PROBLEM TO WORK ON >>
Transcribe only the lines in the data below falling between the line with "The Vantrue Element" and the line with "Besonders spannend sind", including those two lines, and leave out any picture.

THE DATA >>
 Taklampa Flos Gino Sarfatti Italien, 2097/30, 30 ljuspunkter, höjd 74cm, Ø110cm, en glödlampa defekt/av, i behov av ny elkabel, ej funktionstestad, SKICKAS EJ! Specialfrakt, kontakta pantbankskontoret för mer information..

* * *

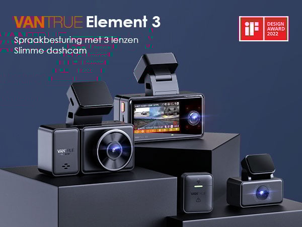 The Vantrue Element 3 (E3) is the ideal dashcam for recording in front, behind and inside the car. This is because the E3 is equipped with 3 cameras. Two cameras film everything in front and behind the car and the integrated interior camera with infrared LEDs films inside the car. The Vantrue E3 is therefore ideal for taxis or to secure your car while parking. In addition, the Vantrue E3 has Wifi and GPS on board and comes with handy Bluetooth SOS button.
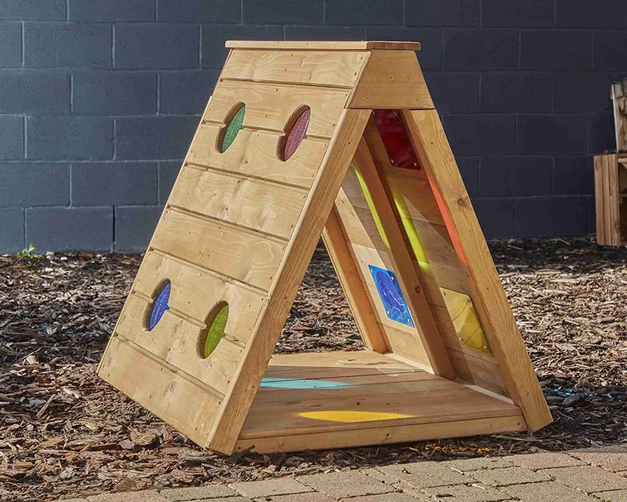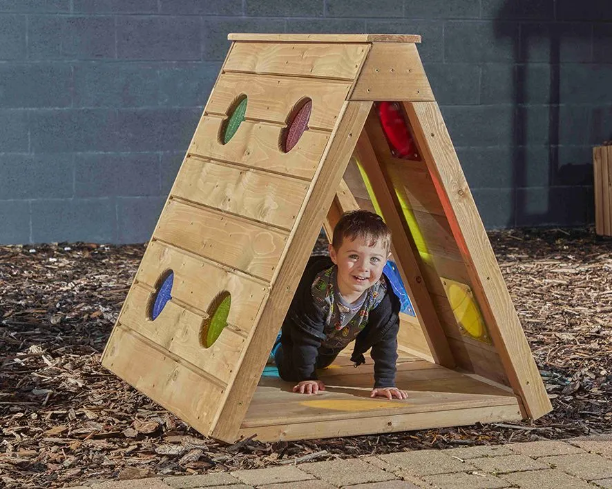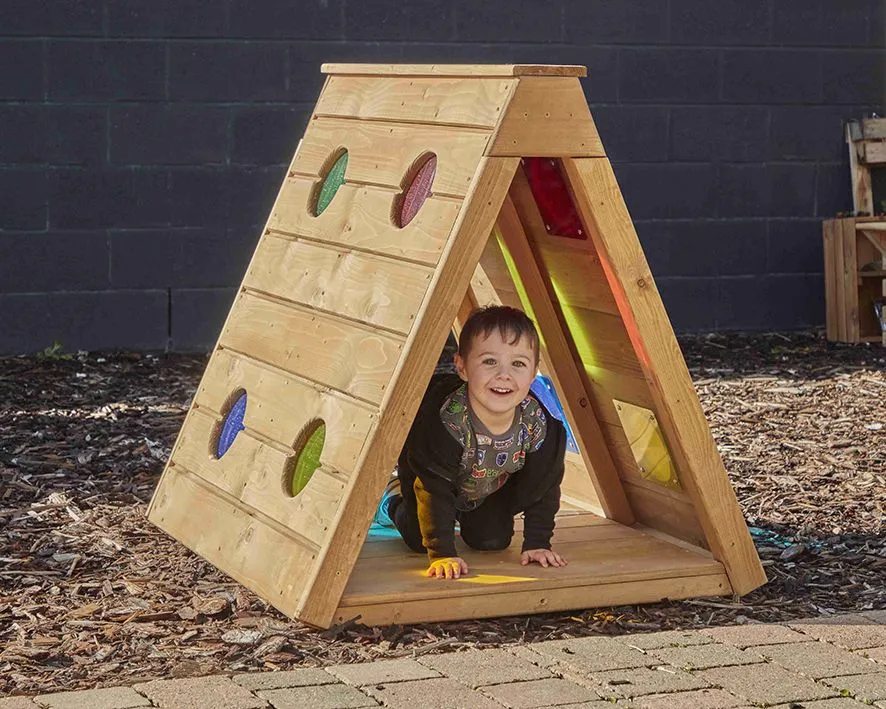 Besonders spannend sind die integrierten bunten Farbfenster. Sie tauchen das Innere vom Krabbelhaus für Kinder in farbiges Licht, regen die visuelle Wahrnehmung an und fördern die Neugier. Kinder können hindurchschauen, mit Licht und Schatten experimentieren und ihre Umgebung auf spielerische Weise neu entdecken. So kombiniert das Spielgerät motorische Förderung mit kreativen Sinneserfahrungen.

ANSWER BELOW >>
 The Vantrue Element 3 (E3) is the ideal dashcam for recording in front, behind and inside the car. This is because the E3 is equipped with 3 cameras. Two cameras film everything in front and behind the car and the integrated interior camera with infrared LEDs films inside the car. The Vantrue E3 is therefore ideal for taxis or to secure your car while parking. In addition, the Vantrue E3 has Wifi and GPS on board and comes with handy Bluetooth SOS button.
 Besonders spannend sind die integrierten bunten Farbfenster. Sie tauchen das Innere vom Krabbelhaus für Kinder in farbiges Licht, regen die visuelle Wahrnehmung an und fördern die Neugier. Kinder können hindurchschauen, mit Licht und Schatten experimentieren und ihre Umgebung auf spielerische Weise neu entdecken. So kombiniert das Spielgerät motorische Förderung mit kreativen Sinneserfahrungen.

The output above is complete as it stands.